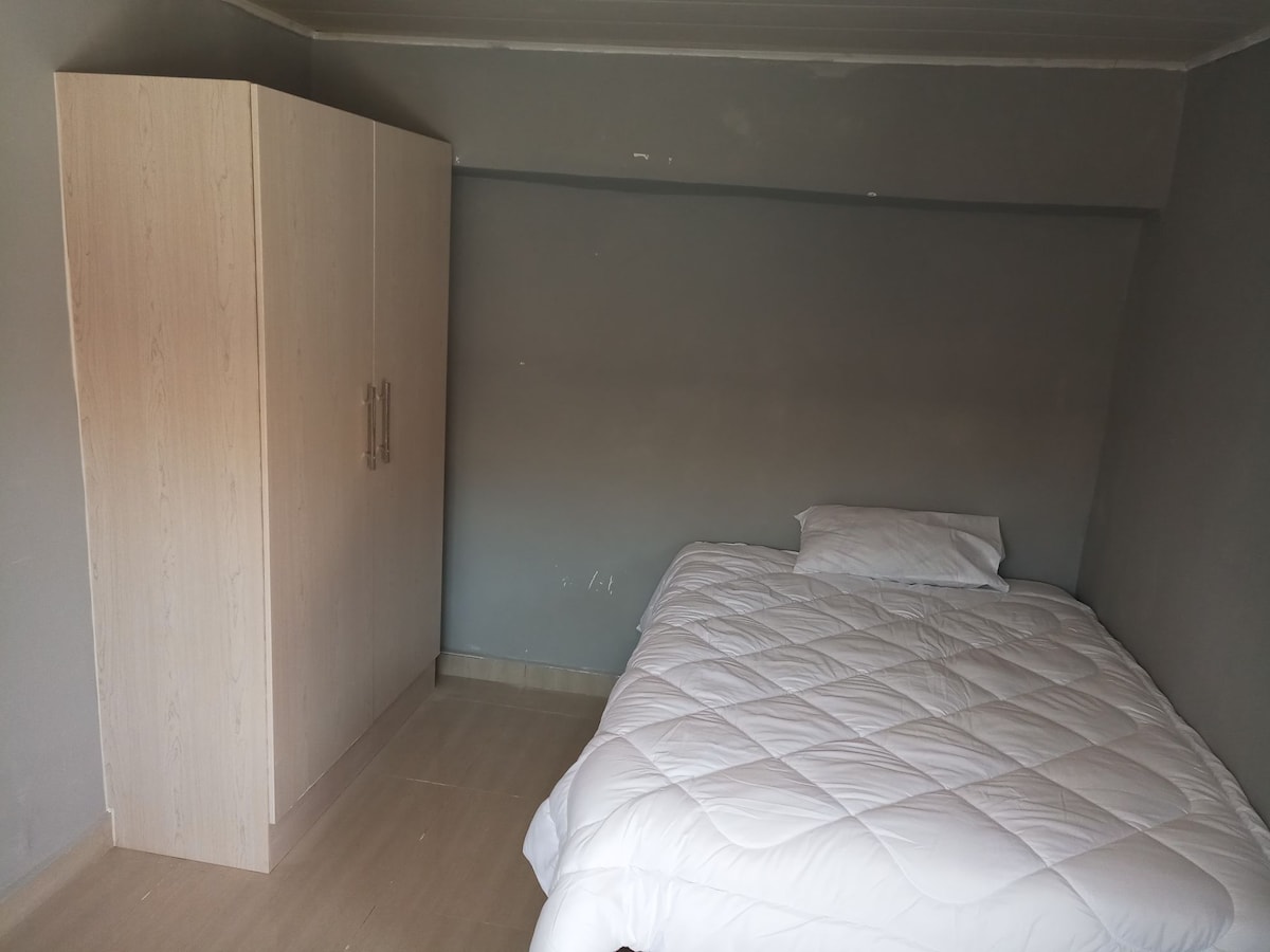 Peaceful, centrally-located. Cosy bed-sitter in yard with main house, queen-size bed, sleeper couch, closet and air-conditioned. Shower, toilet, kitchen space with fridge, microwave, gas-stove. Working table/dining table and a TV with WIFI. Swimming pool and shed with outside chairs available. Beautiful environment with trees and flowers. Cleaning services available. Laundry and ironing services at a cost. Electricity backup available with solar. Wi-Fi available when loadshedding is on.
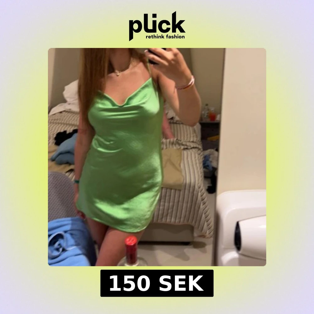Snygg grön kortklänning med smala axelband och en lätt glansig finish. Perfekt för en utekväll eller fest. Klänningen har en enkel och stilren design som framhäver figuren.
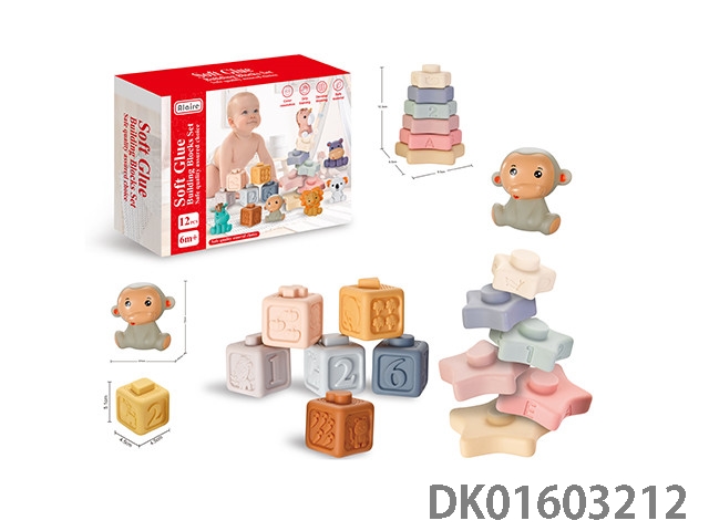 软胶(搪胶)圆角小积木+小猴子+星星叠叠乐套装组合
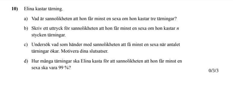 Börja med a): Hur stor är sannolikheten att få en trea om Elina kastar en tärning?
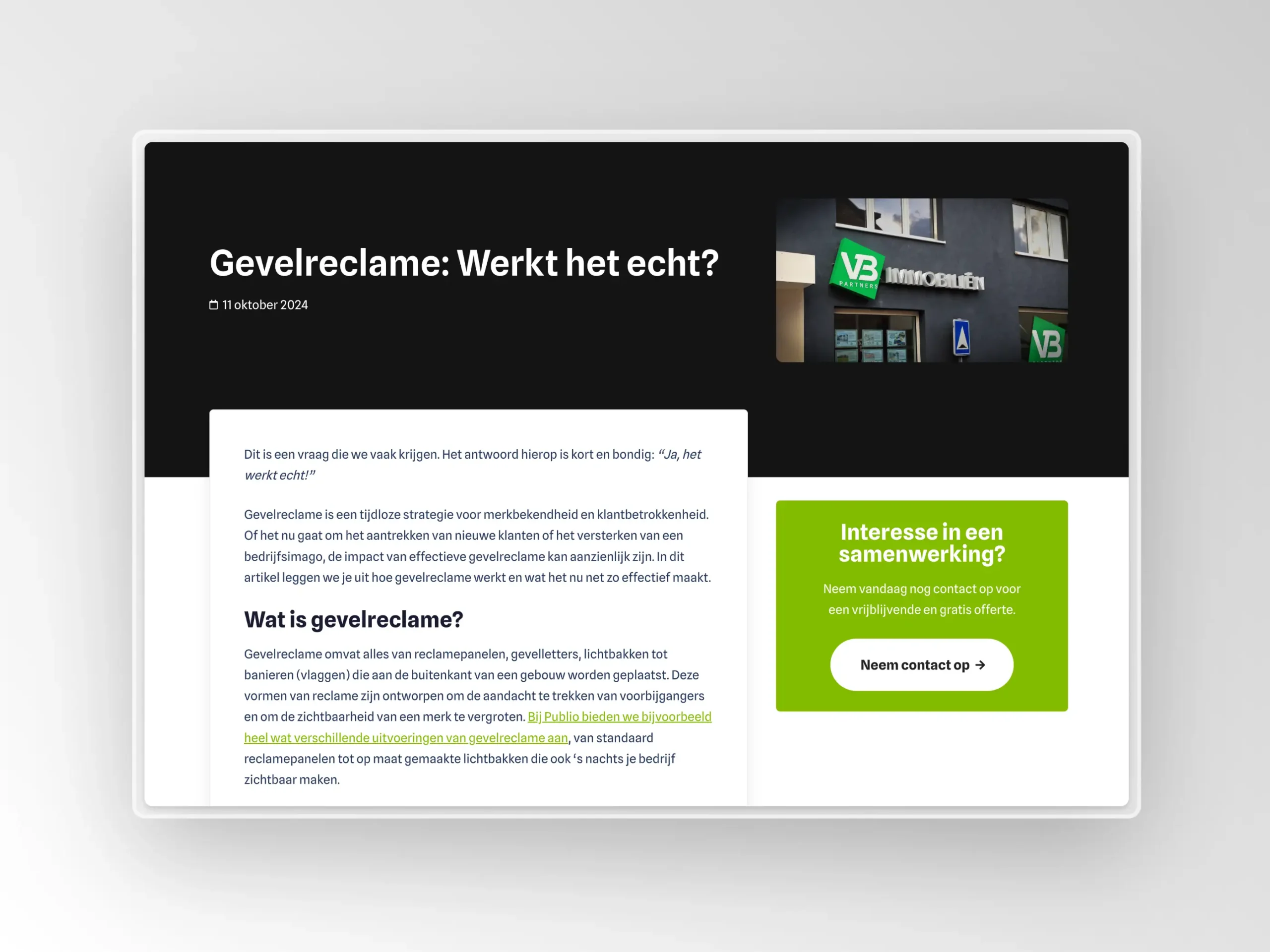 Omdat Publio ook voor ons online marketing-pakket gekozen heeft, schrijven wij maandelijks interessante artikels voor hun website. Zo blijft die altijd up-to-date en bekomen ze meer zichtbaarheid in de zoekmachines.
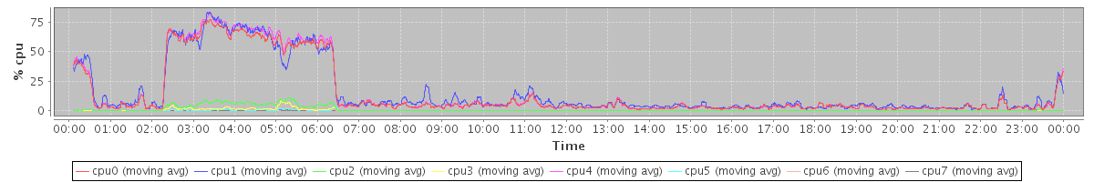 avg(cpu0) = 0.17 avg(cpu1) = 0.26 avg(cpu2) = 0.04 avg(cpu3) = 0.06 avg(cpu4) = 0.06 avg(cpu5) = 0.05 avg(cpu6) = 0.04 avg(cpu7) = 0.03
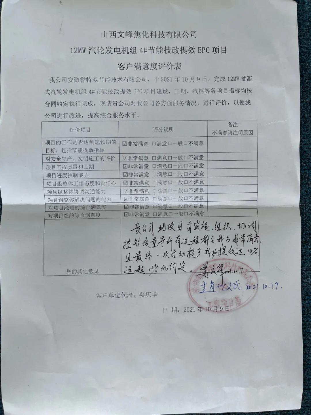 同時,客戶對我公司的項目建設(shè)綜合管理服務(wù)水平給予高度評價,對我公司在項目建設(shè)過程中勇于創(chuàng)新、敢于碰硬的優(yōu)良作風(fēng)給予高度贊揚,在此,我公司誠摯對用能單位、外協(xié)兄弟單位、項目負責(zé)的各位同事致以崇高的敬意和衷心的感謝!
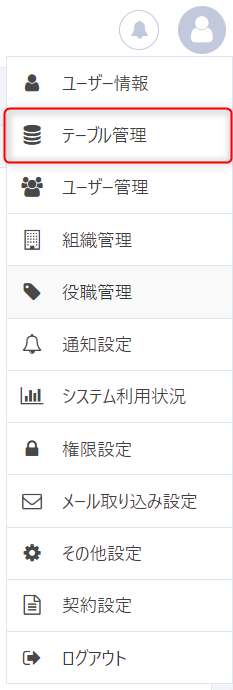 画面右上のアイコンをクリックし、リストから「テーブル管理」を選択します。
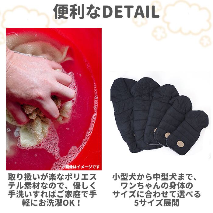 ※SサイズからXXLサイズまでの5つのサイズから、ぴったりサイズがチョイス可能!超小型犬から、胴回り50cm程度までの中型のワンちゃんに最適なサイズ感。小さなサイズはネコちゃんにもオススメ。
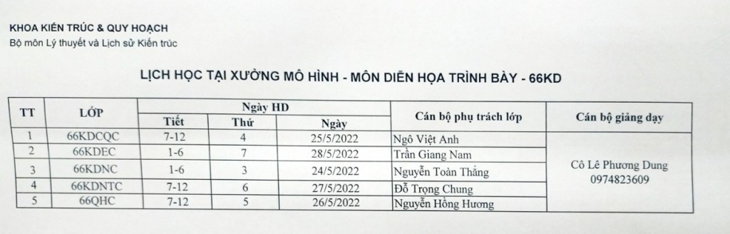 THÔNG BÁO LỊCH HỌC TẠI XƯỞNG MÔ HÌNH MÔN DIỄN HỌA TRÌNH BÀY 66KD HỌC KỲ 2 NĂM HỌC 2021-2022 Share this: Click to share on Facebook (Opens in new window) Facebook Click to email a link to a friend (Opens in new window) Email Click to print (Opens in new window) Print Click to share on LinkedIn (Opens in new window) LinkedIn Like Loading... Related
--*--
INSTRUCTIONS TO FOLLOW> Each line of the data above must be reproduced as written. Skip the pictures.

ANSWER BELOW>
 Peaceful, centrally-located. Cosy bed-sitter in yard with main house, queen-size bed, sleeper couch, closet and air-conditioned. Shower, toilet, kitchen space with fridge, microwave, gas-stove. Working table/dining table and a TV with WIFI. Swimming pool and shed with outside chairs available. Beautiful environment with trees and flowers. Cleaning services available. Laundry and ironing services at a cost. Electricity backup available with solar. Wi-Fi available when loadshedding is on.
Snygg grön kortklänning med smala axelband och en lätt glansig finish. Perfekt för en utekväll eller fest. Klänningen har en enkel och stilren design som framhäver figuren.
 软胶(搪胶)圆角小积木+小猴子+星星叠叠乐套装组合
 Börja med a): Hur stor är sannolikheten att få en trea om Elina kastar en tärning?
 Omdat Publio ook voor ons online marketing-pakket gekozen heeft, schrijven wij maandelijks interessante artikels voor hun website. Zo blijft die altijd up-to-date en bekomen ze meer zichtbaarheid in de zoekmachines.
 avg(cpu0) = 0.17 avg(cpu1) = 0.26 avg(cpu2) = 0.04 avg(cpu3) = 0.06 avg(cpu4) = 0.06 avg(cpu5) = 0.05 avg(cpu6) = 0.04 avg(cpu7) = 0.03
 同時,客戶對我公司的項目建設(shè)綜合管理服務(wù)水平給予高度評價,對我公司在項目建設(shè)過程中勇于創(chuàng)新、敢于碰硬的優(yōu)良作風(fēng)給予高度贊揚,在此,我公司誠摯對用能單位、外協(xié)兄弟單位、項目負責(zé)的各位同事致以崇高的敬意和衷心的感謝!
 画面右上のアイコンをクリックし、リストから「テーブル管理」を選択します。
 ※SサイズからXXLサイズまでの5つのサイズから、ぴったりサイズがチョイス可能!超小型犬から、胴回り50cm程度までの中型のワンちゃんに最適なサイズ感。小さなサイズはネコちゃんにもオススメ。
 THÔNG BÁO LỊCH HỌC TẠI XƯỞNG MÔ HÌNH MÔN DIỄN HỌA TRÌNH BÀY 66KD HỌC KỲ 2 NĂM HỌC 2021-2022 Share this: Click to share on Facebook (Opens in new window) Facebook Click to email a link to a friend (Opens in new window) Email Click to print (Opens in new window) Print Click to share on LinkedIn (Opens in new window) LinkedIn Like Loading... Related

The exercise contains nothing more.